According to the original algorithm definition, this is correct for plotting of lines only in the first octant, where the slope goes from 0 to 1. The modifications are available (here on the CodeProject also) for
extending this to any slope value.

## The Current Work

The main question here is - how to speed this a bit? There are improvements of this algorithm considering the arithmetic that involve the fixed-point calculations and the low level assembler programming.

Just to be known, this algorithm is very fast and simple. So, how to increase its native speed? All other improvements could be applied also to this modified version - it will get only more faster.

The most simple solution is to render the pixel streams and not just the single pixels. Nothing special, right? Correct, and here is how it is implemented in this project:

void CLineRendererProjectView::DrawModifiedBresenhamLine(int x0, int y0, int x1, int y1, COLORREF color)
{
double s = GetTime();
int dx = x1 - x0;
int dy = y1 - y0 + 1;
double offset = 0.5;
int total = 0;
int len = 0;
double k_inv = (double)dx / (double)dy;
if (dy == 1)
{
offset = 1.0;
}
else
{
k_inv = (double)dx / (double)(dy - 1);
}
DWORD color2 = _RGB(GetRValue(color), GetGValue(color), GetBValue(color));
DWORD dwOffset = (y0 * m_bmp.bmWidth) + x0;
LPDWORD lpData = (LPDWORD)m_lpBits;
lpData += dwOffset;
for (int y=y0; y<=y1; y++)
{
len = (int)(offset * k_inv + 0.5);
len = len - total;
if ((total+len) > dx)
{
len = dx - total;
}
for (int x=0; x<len; x++)
{
(*lpData) = color2;
lpData++;
}
total += len;
lpData += m_bmp.bmWidth;
offset += 1.0;
}
double e = GetTime();
m_fTimeModifiedBresenham = e - s;
}

So, we are going here along the y-axis, and not along the x-axis like in the original algorithm. And, for each line segment, we are calculating how many pixels are up to that point. We subtract the total pixels rendered up
to this point and the difference is the pixels stream that covers that line segment. Then we render the pixels stream in the inner loop, which is faster then rendering single pixels which have the same y-value.

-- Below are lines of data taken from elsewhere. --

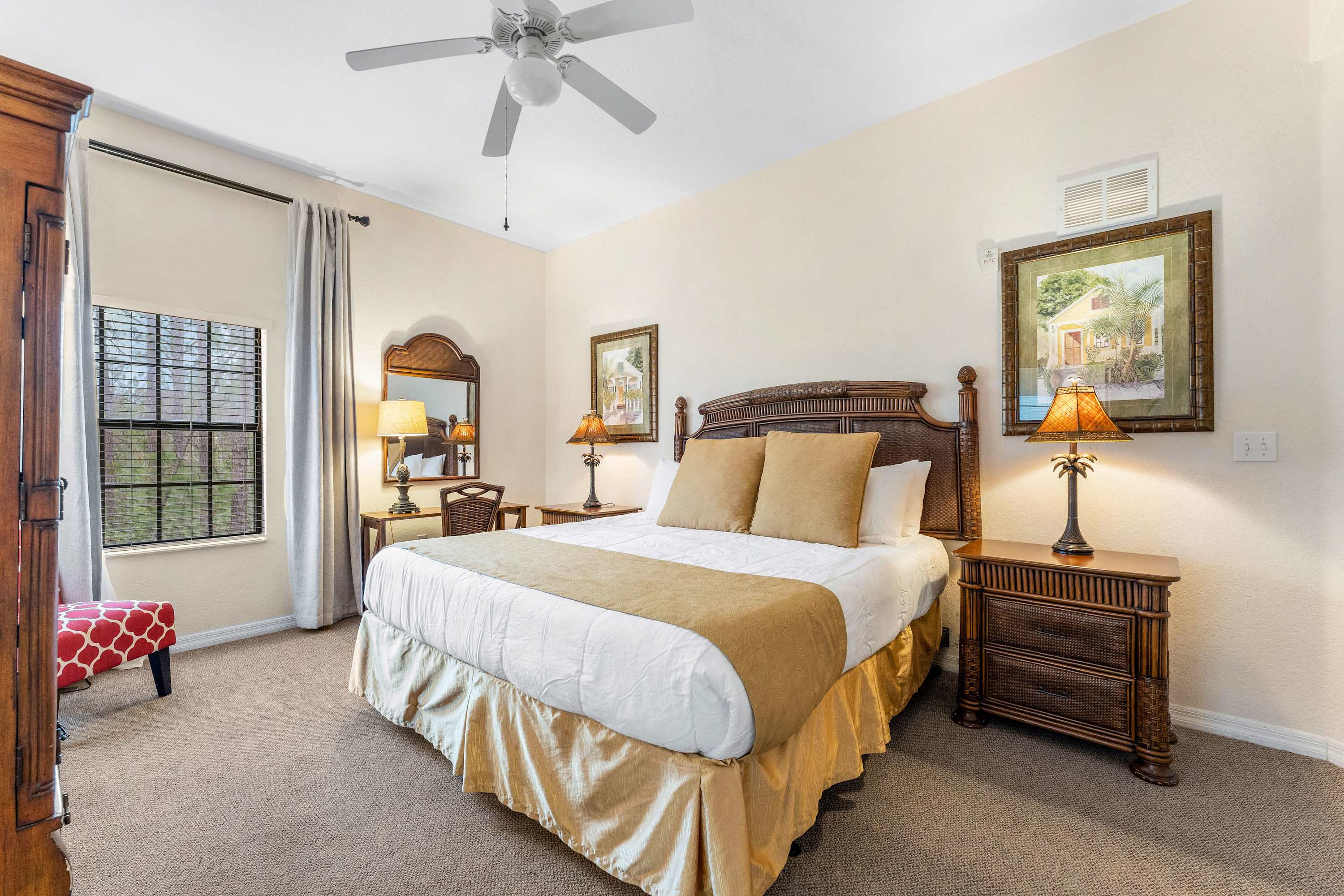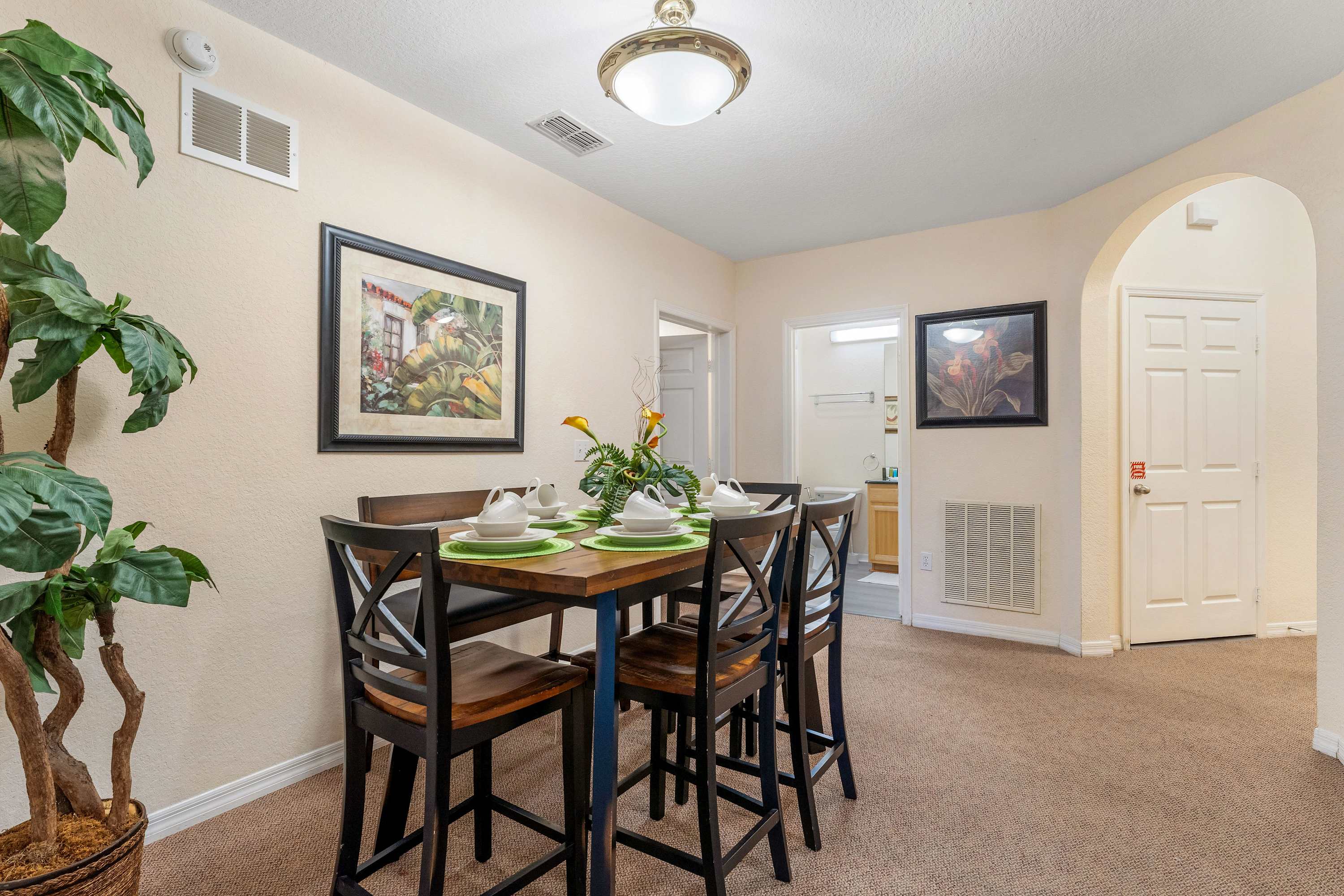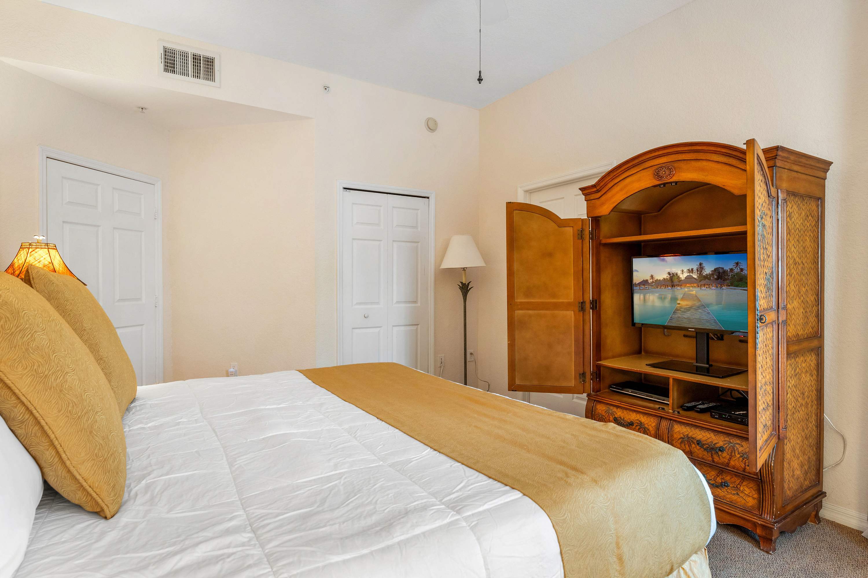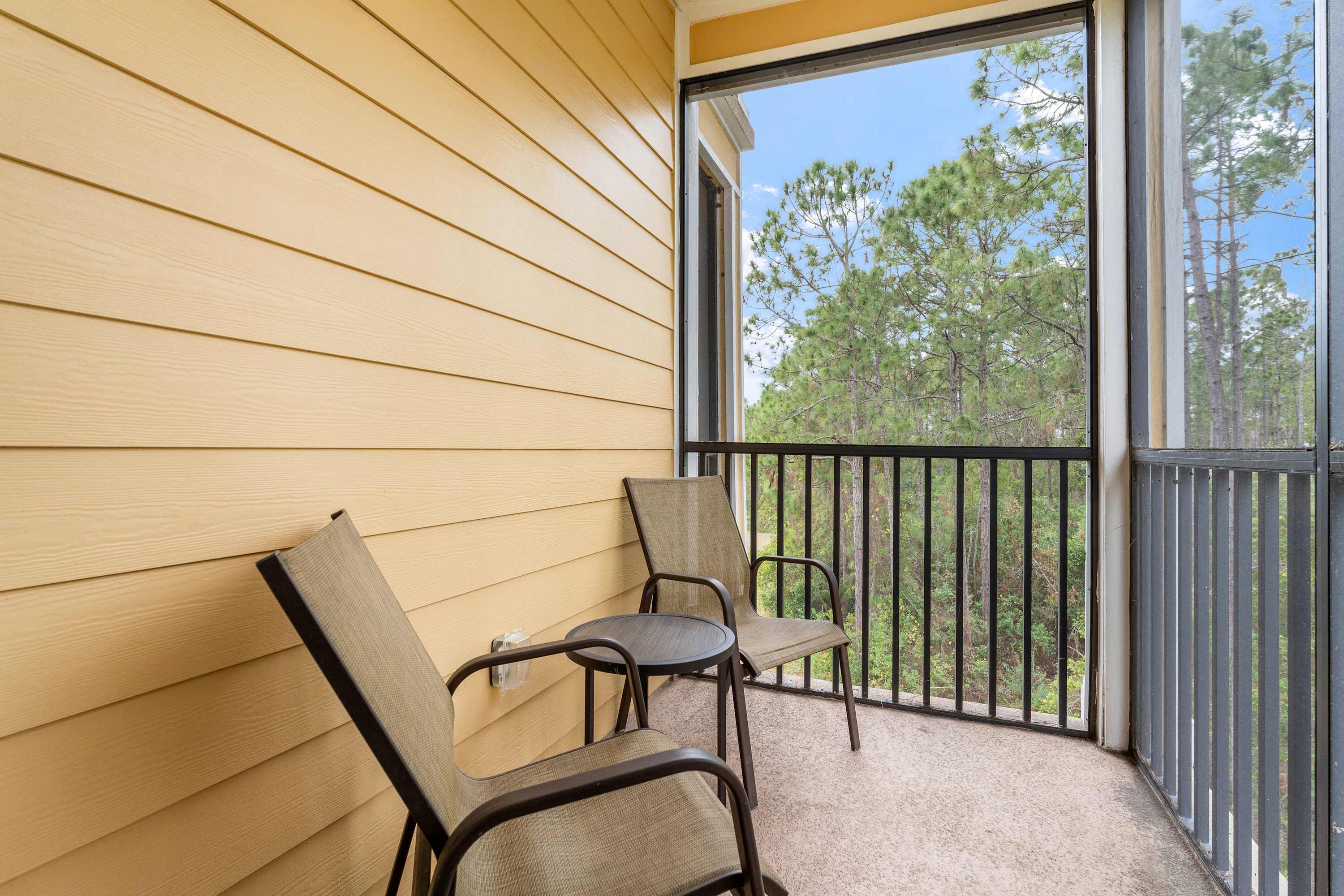 Indoors, tall ceilings sit atop bright and breezy spaces designed to help you relax and unwind after long days on your feet. The living room offers plush sofa seating and a large, mounted smart TV for keeping up with all your favorite stream-ready shows. Pop out to the screened-in balcony to enjoy morning and afternoon refreshments or a delicious meal al fresco. The fully equipped kitchen contains stainless steel appliances, glossy stone counters, and ample cabinetry stocked with crockery, cookware, utensils, and glassware. Families can enjoy meals together in the dining area, gathered around the chic high-top table with seating for the whole crew.
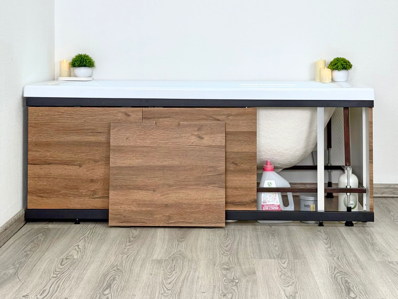 - Экран под ванну МДФ Rita Black 1600мм дуб
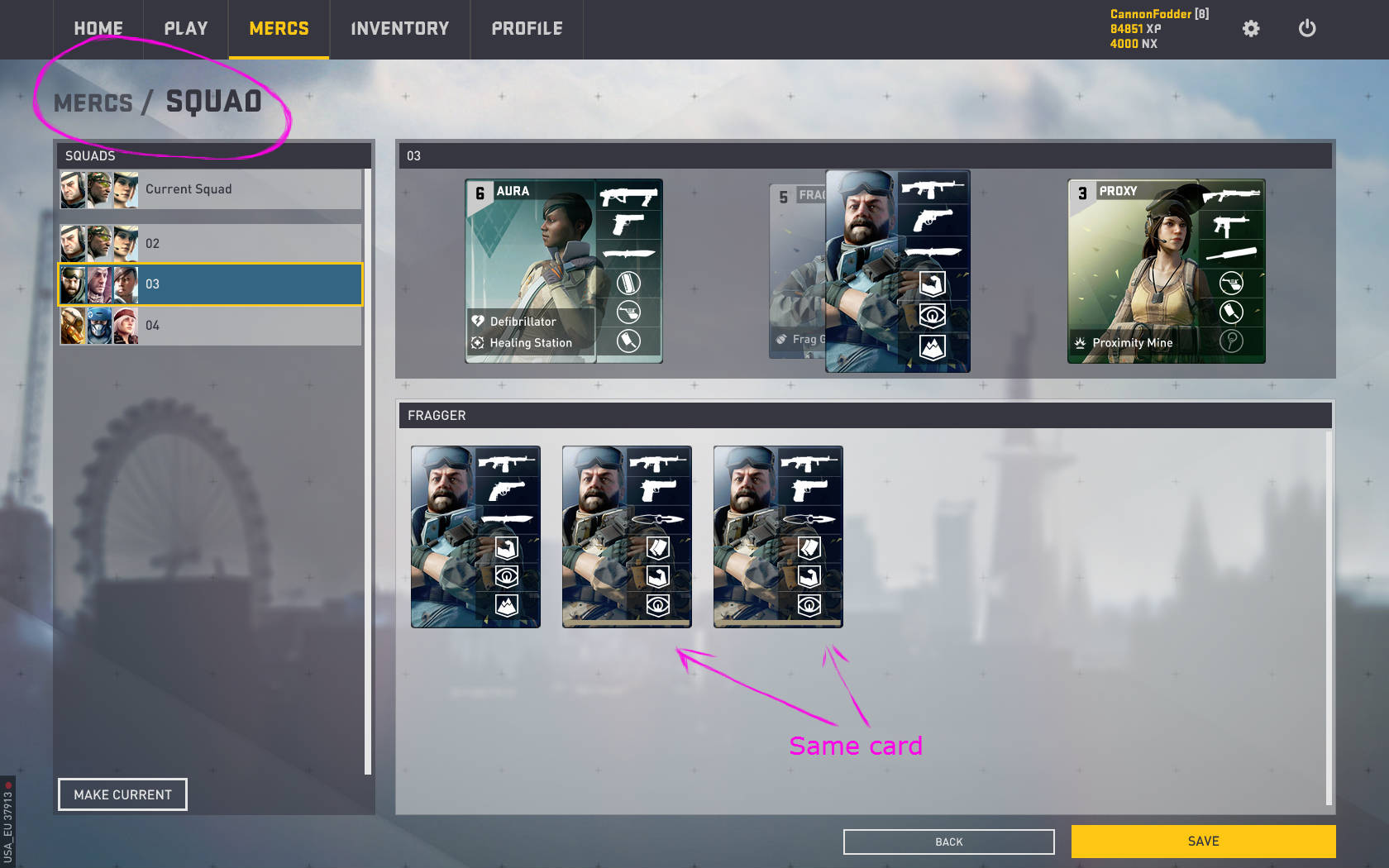 It’s good to know if we have duplicate cards …while in the Inventory screen. But while building a squad there is no need for the game to show duplicate cards.
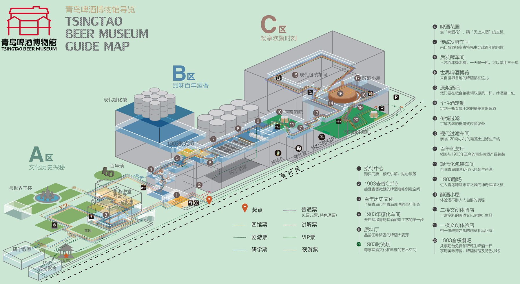 青岛啤酒博物馆展出面积约6000多平方米,共分为三个展区;
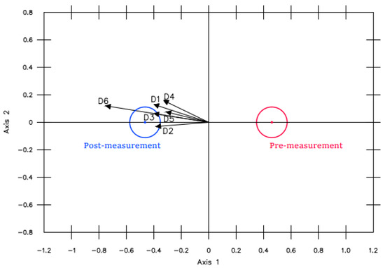 Impact of the BE program on the SC, initial measurement vs. final measurement. The MANOVA Biplot shown in Figure 2 reveals significant differences between the SC pre- and post-measurements. As can be seen, all the dimensions examined presented this difference, the post-measurements being higher than the pre-measurements.
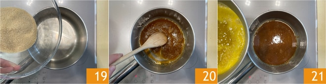 Simultaneamente, em outra panela, despeje o açúcar mascavo 19 e deixe derreter em fogo baixo 20. Agora, junte o suco aquecido ao caramelo em três vezes 21.
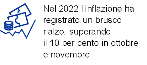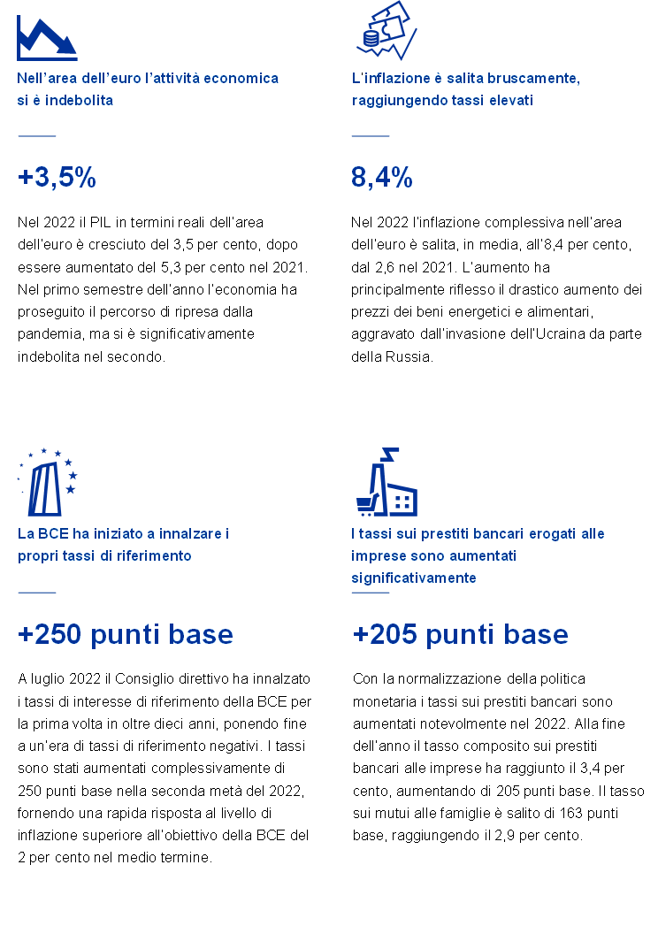 Nel 2022 l’inflazione nell’area dell’euro è salita all’8,4 per cento dal 2,6 del 2021. L’incremento ha principalmente riflesso un drastico aumento dei prezzi dei beni energetici e alimentari, innescato dalla guerra in Ucraina. Le passate strozzature dell’offerta e la ripresa della domanda repressa dalla pandemia di coronavirus (COVID‑19), insieme agli elevati costi degli input produttivi dovuti ai rincari dell’energia, hanno accresciuto le pressioni sui prezzi in molti settori dell’economia. Dopo essersi mostrata robusta nella prima metà dell’anno, quando in particolare il settore dei servizi ha beneficiato della revoca delle restrizioni connesse all’emergenza sanitaria, la crescita nell’area dell’euro ha segnato un rallentamento, principalmente a causa degli effetti del conflitto in Ucraina.

This is the key-point of the algorithm speed up.

Please see the image below of the demo application screenshot:

Here are rendered the exactly 150 lines using original and modified version of the Bresenham's line drawing algorithm. The output is identical and the speed difference is significant.

## The Limitations

There are some limitations of this approach. The first one is the **length** of the line. For shorter lines, the modified version will be slower then the original one. Also, the line **slope** is critical here.
For the lines that have the slope above the **0.5** the modified version will slower down, possible to the speed of the original algorithm.

But, for the general line, in the first octant where the slope goes from **0** to **1** the total rendering time of the modified version, considering the total number of rendered lines, should be similar to the total
rendering time of the original version of the algorithm, or less.

So, the ideal solution could be the algorithm which would combine these two algorithms to get the most of its speed.

## Points of Interest

This was just an experiment with the well known subject, and the final results were more or less expected. This work could help in the research of the better and faster line rendering algorithms.